The problem:
When you copy the material below, keep every line exact and leave each picture out.
======== Dataset records
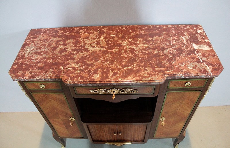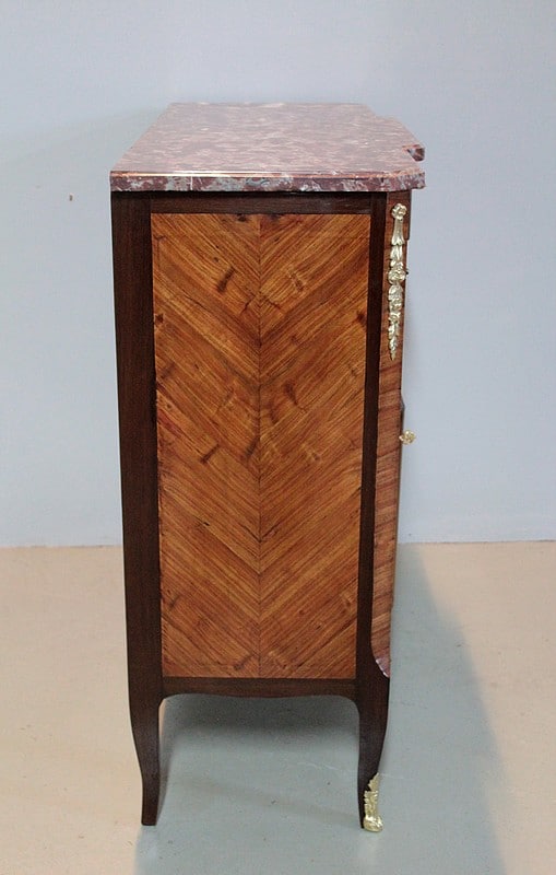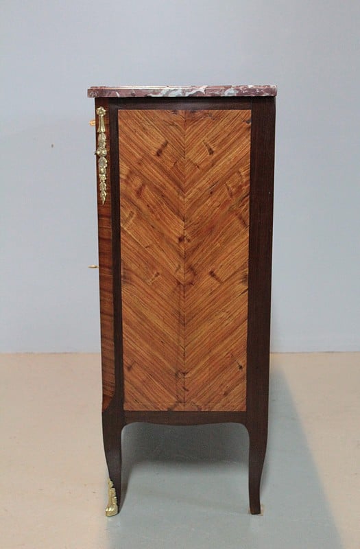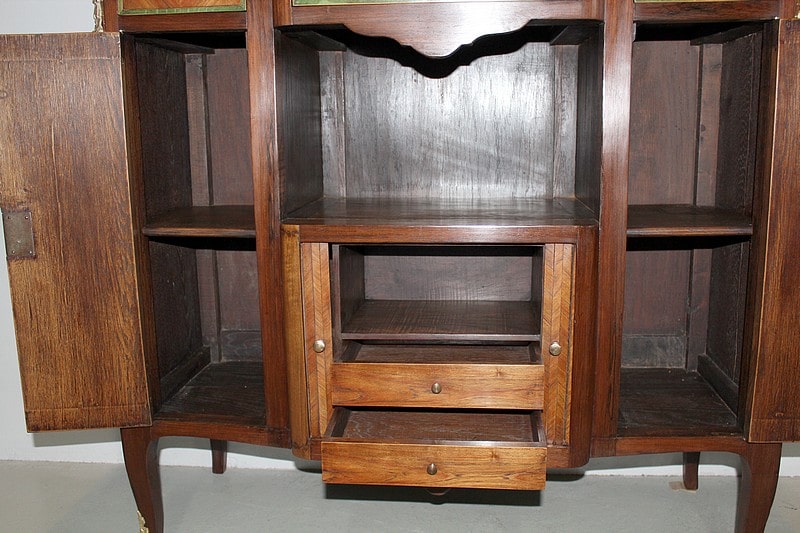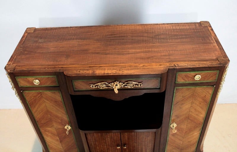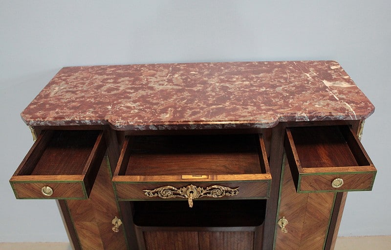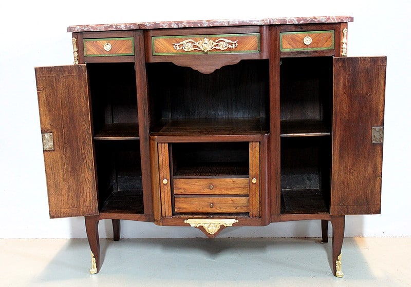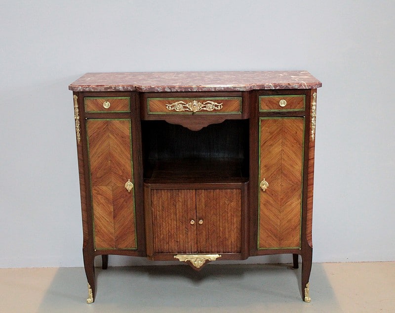 Meuble d’entre-deux à ressaut central en placage de bois de rose et d’acajou, de style transition Louis XV-Louis XVI.
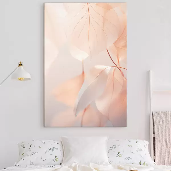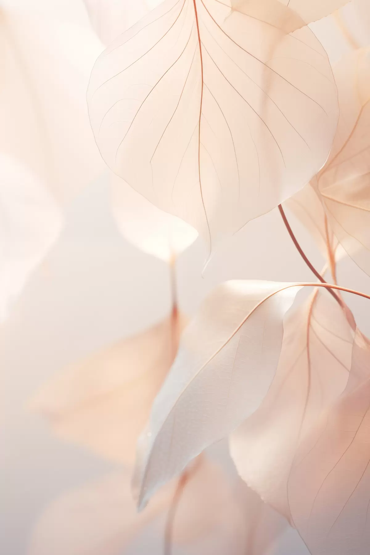 Glezna Puscaurspīdīgu lapu tuvplāns ar maigām dzīslām, maiga persiku un balta krāsu palete, neskaidrs fons Nr s45556
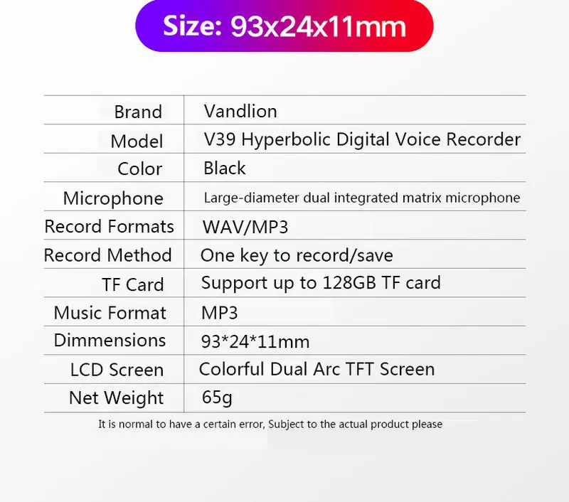 1. Формат записи: WAV/MP3 2. Формат воспроизведения музыки: WMA/WAV/MP3/OGG и т. д. 3. Время записи батареи: около 25 часов 4. Время работы аккумулятора: около 15 часов 5. Аккумулятор: литиевая батарея 230 мА · ч, время зарядки аккумулятора: около 3 часов 6. Разрешение ЖК-дисплея: точечный экран 80*160 7. Интерфейс USB: высокоскоростной USB 2,0 8. Встроенный динамик: 18 мм * 26 мм 8 Омега/1 Вт 9. Рабочая температура: от 0 до 40 градусов 10. Запись частоты дискретизации: 48 кГц 11. Разъем для наушников: 3,5 мм, двойной трек 12. Шум-сигнал соотношение: 80db 13. Размер (мм): 95*24*11 (Д * Ш * Т) 14. Вес нетто: 36 г 15. Совместимая система: Windows 2000 и выше
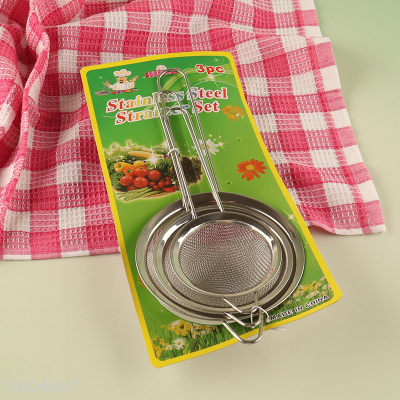 Hot Selling 3 Pieces Stainless Steel Fine Mesh Strainers Kitchen Wire Strainers
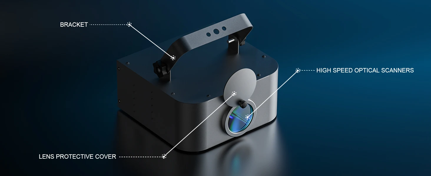 Function: Animation laser, with high-speed optical scanner, can create animation graphics, hundreds of beam display and graphic display patterns, and has the functions of automatic, automatic activation, rotation and color rotation. Movement, rotation, zoom (+/-), drawing and speed, etc.
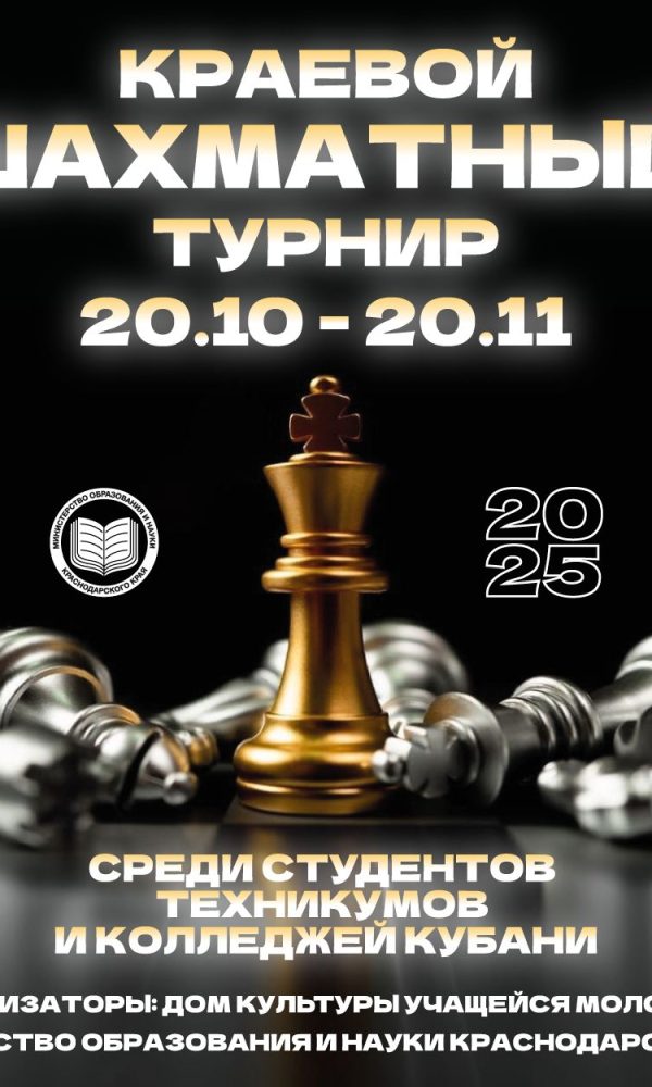 Друзья, у нас идёт активный приём заявок на краевой шахматный турнир! Соревнование проводится среди студентов профессиональных образовательных организаций Краснодарского края в 2 этапа: ✨отборочный территориальный между ... Читать далее
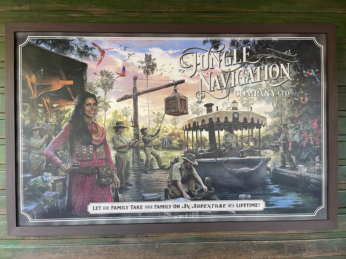This recently installed mural of Alberta Falls and her family of Skippers at the Jungle Cruise inside Magic Kingdom Park is what Disney Imagineers have said marks the completion of the changes at the attraction, introducing the new characters created, new scenes and an expanded storyline as part of the attraction enhancements, establishing Alberta, granddaughter of the world-renowned Dr. Albert Falls, as the proprietor of the Jungle Navigation Company Ltd.
================
Exercise output:
 Meuble d’entre-deux à ressaut central en placage de bois de rose et d’acajou, de style transition Louis XV-Louis XVI.
 Glezna Puscaurspīdīgu lapu tuvplāns ar maigām dzīslām, maiga persiku un balta krāsu palete, neskaidrs fons Nr s45556
 1. Формат записи: WAV/MP3 2. Формат воспроизведения музыки: WMA/WAV/MP3/OGG и т. д. 3. Время записи батареи: около 25 часов 4. Время работы аккумулятора: около 15 часов 5. Аккумулятор: литиевая батарея 230 мА · ч, время зарядки аккумулятора: около 3 часов 6. Разрешение ЖК-дисплея: точечный экран 80*160 7. Интерфейс USB: высокоскоростной USB 2,0 8. Встроенный динамик: 18 мм * 26 мм 8 Омега/1 Вт 9. Рабочая температура: от 0 до 40 градусов 10. Запись частоты дискретизации: 48 кГц 11. Разъем для наушников: 3,5 мм, двойной трек 12. Шум-сигнал соотношение: 80db 13. Размер (мм): 95*24*11 (Д * Ш * Т) 14. Вес нетто: 36 г 15. Совместимая система: Windows 2000 и выше
 Hot Selling 3 Pieces Stainless Steel Fine Mesh Strainers Kitchen Wire Strainers
 Function: Animation laser, with high-speed optical scanner, can create animation graphics, hundreds of beam display and graphic display patterns, and has the functions of automatic, automatic activation, rotation and color rotation. Movement, rotation, zoom (+/-), drawing and speed, etc.
 Друзья, у нас идёт активный приём заявок на краевой шахматный турнир! Соревнование проводится среди студентов профессиональных образовательных организаций Краснодарского края в 2 этапа: ✨отборочный территориальный между ... Читать далее
This recently installed mural of Alberta Falls and her family of Skippers at the Jungle Cruise inside Magic Kingdom Park is what Disney Imagineers have said marks the completion of the changes at the attraction, introducing the new characters created, new scenes and an expanded storyline as part of the attraction enhancements, establishing Alberta, granddaughter of the world-renowned Dr. Albert Falls, as the proprietor of the Jungle Navigation Company Ltd.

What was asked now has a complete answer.